Good leadership matters. Deng Xiaoping rescured China from the calamity it was because of Mao Zedong’s disastrous leadership. A country that is cursed with poor leadership is usually a basket case. More about leadership in a bit.
Then there’s the people. If the people value virtue, freedom, honor and responsibility, and are industrious, honest and just, then they are likely to be prosperous. That’s the influence of culture and history on properity.
I think a country has to have at least two of the three — right rules, competent leaders, good people — for it to have a shot at prosperity. Of course, they are not all independent variables. Rules are generally made by the leaders; leaders are chosen by the people; and people determine their culture as much as they are molded by their culture.
As you may already know, I believe that it’s the constitution of a country that profoundly determines how the economy turns out. But we have to remember that a constitution is a piece of paper with words on it. If the people don’t have respect for the ideas encoded, it’s not worth the paper.
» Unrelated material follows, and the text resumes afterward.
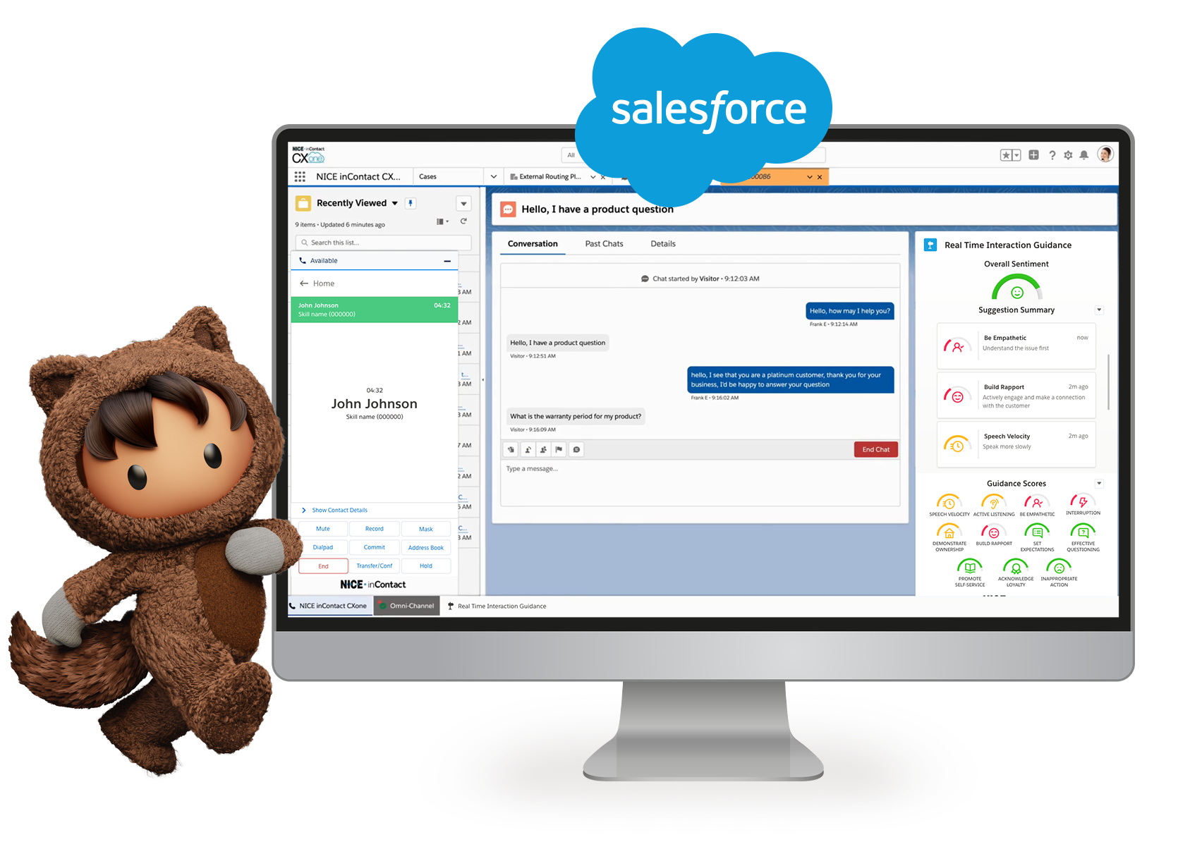 Alongside CXone Agent, I led the design of Real-Time Interaction Guidance. It is an AI-powered tool that surfaces live coaching tips, sentiment signals, and next-best-action prompts during active calls. The core challenge was determining what information matters in the moment, when it should appear, and how it should be presented so it supports rather than disrupts agent focus.

Still the three variables are not rigidly tied and there’s some residual degree of freedom among them. I like the example of Lee Kuan Yew’s Singapore. Right rules and competent leadership. It mattered little whether the people were good or not; Singapore advanced. Same with Hong Kong. Rules made and administered by the competent British administrator Cowperthwaite, and Hong Kong worked like a charm.
The US at its founding had great leaders and the crafted the best rules imaginable at that time. From an insignificant little European outpost in North America, it became the greatest nation the world has ever known.
I have always maintained that good leaders are a matter of luck. It’s a random draw. If you draw too many poor hands, you lose regardless of how good a player you are. More strictly, if you draw too many consecutive poor hands, you lose. I like a story Rory Sutherland told Russ Roberts in an EconTalk episode that illustrates the point. Here’s a slightly edited version:
There’s a guy called Francis Fulford. His family have occupied the same 10,000 acres in Devonshire that was given to them in something like 1240. And he’s inherited this, and the family still owns it, and they still own the house there by direct descent over about 800 years. And they asked him how on earth he’d managed this achievement. And he points up to the ancestral portraits and says- “Well, if I go back to my ancestors, we’ve had loads of idiots. We’ve had drunken idiots, we’ve had gambling idiots, philandering idiots, idiots who get in prison for treason. But we’ve never had two in a row.“
If you have an idiot for a leader once in a while, the enterprise continues to survive because the damage done by the occasional idiot is repaired by the good leaders. But if you have idiots in a row, it spells disaster.
India has had the misfortune of bad rules — the one’s that were right for British colonial India but totally wrong for a free country. Then there was the problem of a continuous series of idiot leaders — Gandhi, Nehru, Indira, Rajiv, Singh (Maino’s proxy), and epitomizing in concentrated form the worst aspects of the entire lot of previous worthless leaders is the current fellow.
Orwell’s Rule is harsh. India never had a chance.